PVC millwork is a generic term that is used to describe woodwork manufactured using polyvinyl chloride resin (PVC). PVC millwork is also called plastic millwork. Unlike wood millwork, PVC millwork is not cut from PVC lumber; instead, molten PVC resin is pushed through a die to create a standard millwork profile. Because PVC is a thermoplastic resin—it softens when heated and hardens when cooled—it can be manufactured in different shapes. For example, PVC quarter round is not cut; it is extruded directly into the shape and size of the desired profile. Also, PVC millwork can be manufactured in lengths that are difficult and expensive to produce in wood.

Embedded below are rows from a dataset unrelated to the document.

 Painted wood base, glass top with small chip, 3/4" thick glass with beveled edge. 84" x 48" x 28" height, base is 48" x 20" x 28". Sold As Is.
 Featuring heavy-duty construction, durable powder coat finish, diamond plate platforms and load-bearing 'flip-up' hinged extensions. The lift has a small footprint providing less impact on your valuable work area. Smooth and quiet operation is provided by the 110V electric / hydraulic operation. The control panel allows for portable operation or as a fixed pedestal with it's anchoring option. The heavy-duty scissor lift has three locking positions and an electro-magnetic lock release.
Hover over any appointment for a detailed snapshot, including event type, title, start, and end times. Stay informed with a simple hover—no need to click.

In addition to specialty profiles like quarter round, PVC millwork includes boards and sheets in traditional construction sizes.

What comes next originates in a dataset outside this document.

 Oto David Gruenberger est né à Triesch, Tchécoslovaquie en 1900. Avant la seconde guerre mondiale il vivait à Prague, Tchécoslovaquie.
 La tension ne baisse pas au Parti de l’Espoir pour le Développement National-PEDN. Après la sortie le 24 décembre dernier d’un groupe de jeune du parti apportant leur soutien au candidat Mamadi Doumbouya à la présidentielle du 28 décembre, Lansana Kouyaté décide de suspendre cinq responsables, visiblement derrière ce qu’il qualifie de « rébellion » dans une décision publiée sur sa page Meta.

PVC millwork has a high level of chemical resistance, is strong, and resists water. Cellular PVC millwork also resists abrasion and can be touched up with light sanding, which makes it very popular in the construction industry. PVC millwork is lightweight, long lasting, and virtually maintenance free.

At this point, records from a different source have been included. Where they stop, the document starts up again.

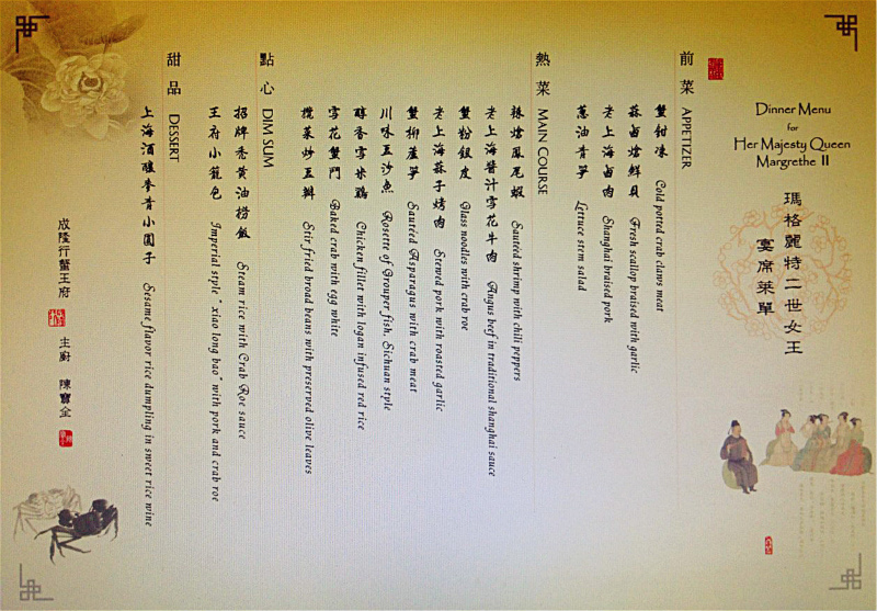 2014年4月27日21点30分丹麦女王在上海蟹王府九江路店用餐家宴菜单如下
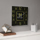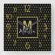 Modern Black Golden Circle Pattern Monogram Square Wall Clock
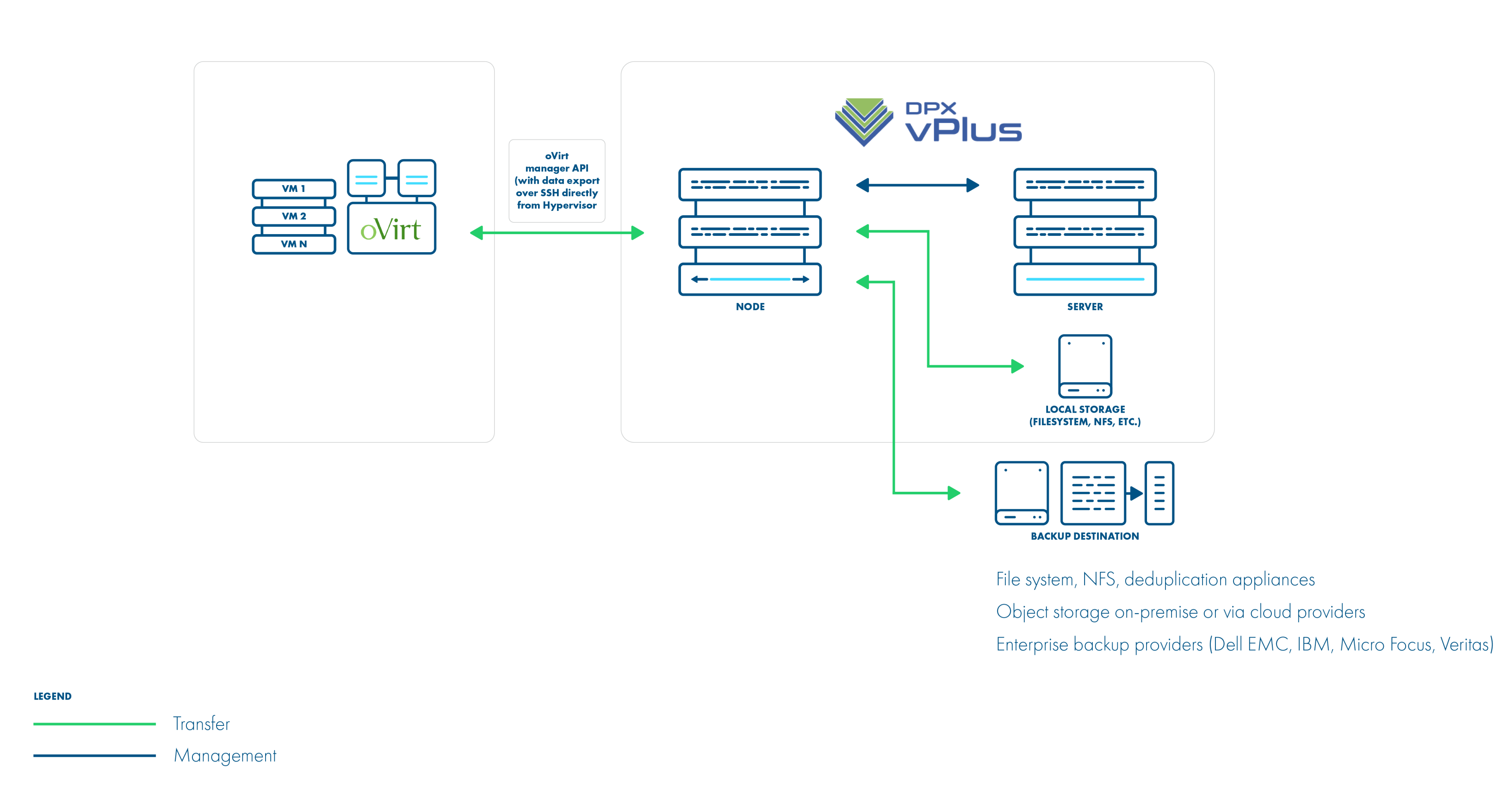 This is an enhancement for disk image transfer API strategy. It allows DPX vPlus to use oVirt API v4.2+ (HTTPS connection to oVirt manager) only to collect metadata. Backup is done over SSH directly from the hypervisor (optionally using netcat for transfer), import is also using SSH (without the netcat option). There is no need to install a node in the oVirt environment. This method can significantly boost backup transfers and supports incremental backups.

PVC millwork looks and feels like top-grade lumber. It installs like lumber and can be cut, shaped, routed, or milled with ordinary woodworking tools. It can be handled like any soft wood. PVC millwork can be cut with a conventional carbide-tipped blade that is designed for working with wood. When it is cut properly, PVC millwork will have a smooth edge. Excessive friction, a worn saw blade, or badly aligned tools can cause the millwork to have rough edges, but they can be rasped and sanded to restore a smooth edge. Standard woodworking drill bits work well with PVC millwork, but installers should avoid heat buildup from excessive friction. PVC millwork can be routed with a carbide-tipped blade and the edges finished with machine edging, sanding, grinding, or filing. For a more finished look, some installers spackle, sand, and paint the finished edge.
PVC millwork cannot be used in load-bearing applications, but it can be used in spanned applications like soffit and porch ceilings. Typically, when used as soffit, 1" thick (nominal) board or 3/4" (actual) sheet will span 16" to 24". Ceilings also require a minimum 1" thick (nominal) board or 3/4" (actual) sheet to span 16" to 24". PVC millwork cannot be used to span more than 24".